1. 『スパイダーマン:スパイダーバース』
2. 『ジョーカー』
3. 『ワンス・アポン・ア・タイム・イン・ハリウッド』
4. 『運び屋』
5. 『さらば愛しきアウトロー』
6. 『マリッジ・ストーリー』
7. 『荒野にて』
8. 『アイリッシュマン』
9. 『サバハ』
10. 『サスペリア』

 いつの時代も「正しさ」を証明するのは時間だが、最近はその時間のスピードも随分速くなってきた。思い出してほしいのは、たった2年前の2017年5月カンヌ映画祭のこと。ポン・ジュノ『オクジャ/okja』とノア・バームバック『マイヤーウィッツ家の人々(改訂版)』は、劇場で公開されないNetflixオリジナル映画という理由からコンペティションの蚊帳の外に追いやられ、結局カンヌは翌年から配信作品をコンペティションから正式に排除することにした。今年、ポン・ジュノ『パラサイト 半地下の家族』はそのカンヌを制するだけでなく、米国のアカデミー賞でも最有力作品に。そして、同じ最有力作品としてそこに並んでいるのはノア・バームバックのNetflixオリジナル映画『マリッジ・ストーリー』だ。実際、『マリッジ・ストーリー』よりも卓越した演出と演技と撮影と編集による「ただの映画」が今年あっただろうか? 逆に言うと、上記リストの『マリッジ・ストーリー』よりも上のトップ5は、作品の外部に溢れた「物語」への共振も含む評価となる。パーソナル・ベストというのは、そういうものだろう。

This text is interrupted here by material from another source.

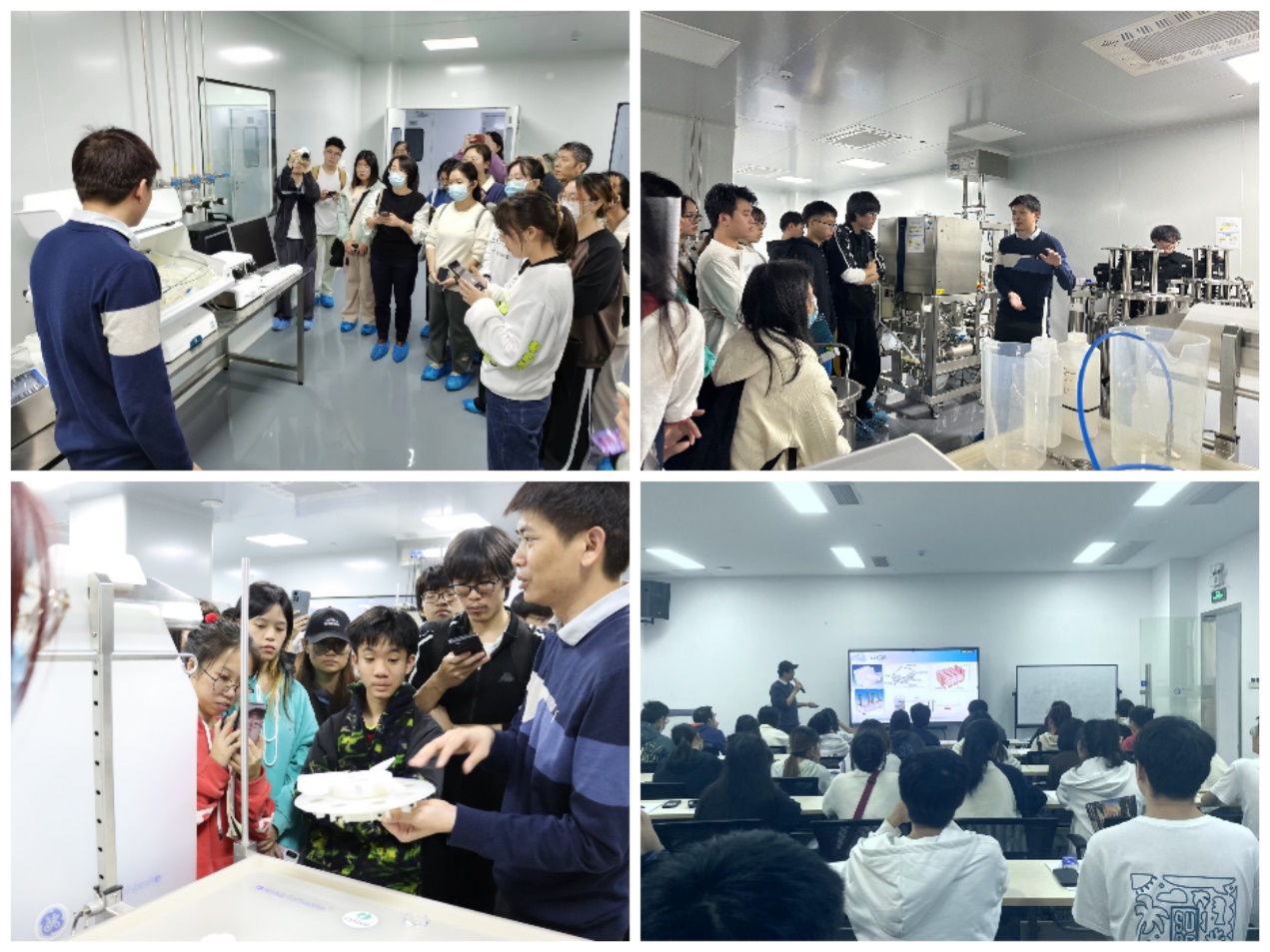 1月9日下午,制药工程专业师生来到位于生物岛的广州生物制造工艺研究培训中心。该公司建设有模拟标准生产环境下的现代生物制药工艺全线高端设备。在这里,同学们聆听了《生物药及其生产》的专题讲座,参观了生物制药上游车间(接种间、细胞培养与收获室),下游车间(纯化一间、纯化二间)和技术间等。由于同学们刚刚学习完《制药分离工程》课程,通过此次实地参观和技术总监的悉心讲解,同学们纷纷体会到书本知识的具象化,在参观过程中展开了热烈的讨论。

 今年、映画に関して最も開いた口が塞がらない出来事もカンヌで起こった。コンペティション作品に選出された『ワンス・アポン・ア・タイム・イン・ハリウッド』の記者会見で、ニューヨーク・タイムズの記者Farah Nayeriは作品とは関係のない話で他の記者の時間を奪った後、マーゴット・ロビーの横に座るクエンティン・タランティーノにこんな質問をぶつけた。「シャロン・テートを演じたマーゴット・ロビーのセリフが少なかったが、それは意図的なものなのか?」。きっと、その記者はマーティン・スコセッシの『アイリッシュマン』を観た後も、同作で最も重要な役の一つだった、フランク・シーランの娘を演じた女優にほとんどセリフがなかったことを気に病むのだろう。記者に侮蔑の眼差しを向けて「その質問(仮説)を拒否する」とだけ言ったタランティーノは大人だった。欧米のリベラル・メディアによるアートの歴史や価値を軽視した政治キャンペーンの季節はもう通り過ぎた。最初から賢明な人はわかっていたが、時流に反する意見を言えばカトリーヌ・ドヌーブのように損をするだけだから、監督も役者も黙して作品を作り続けてきた。それが(まだ日本公開されてない作品も多いが)一気に世に出たのが2019年だった。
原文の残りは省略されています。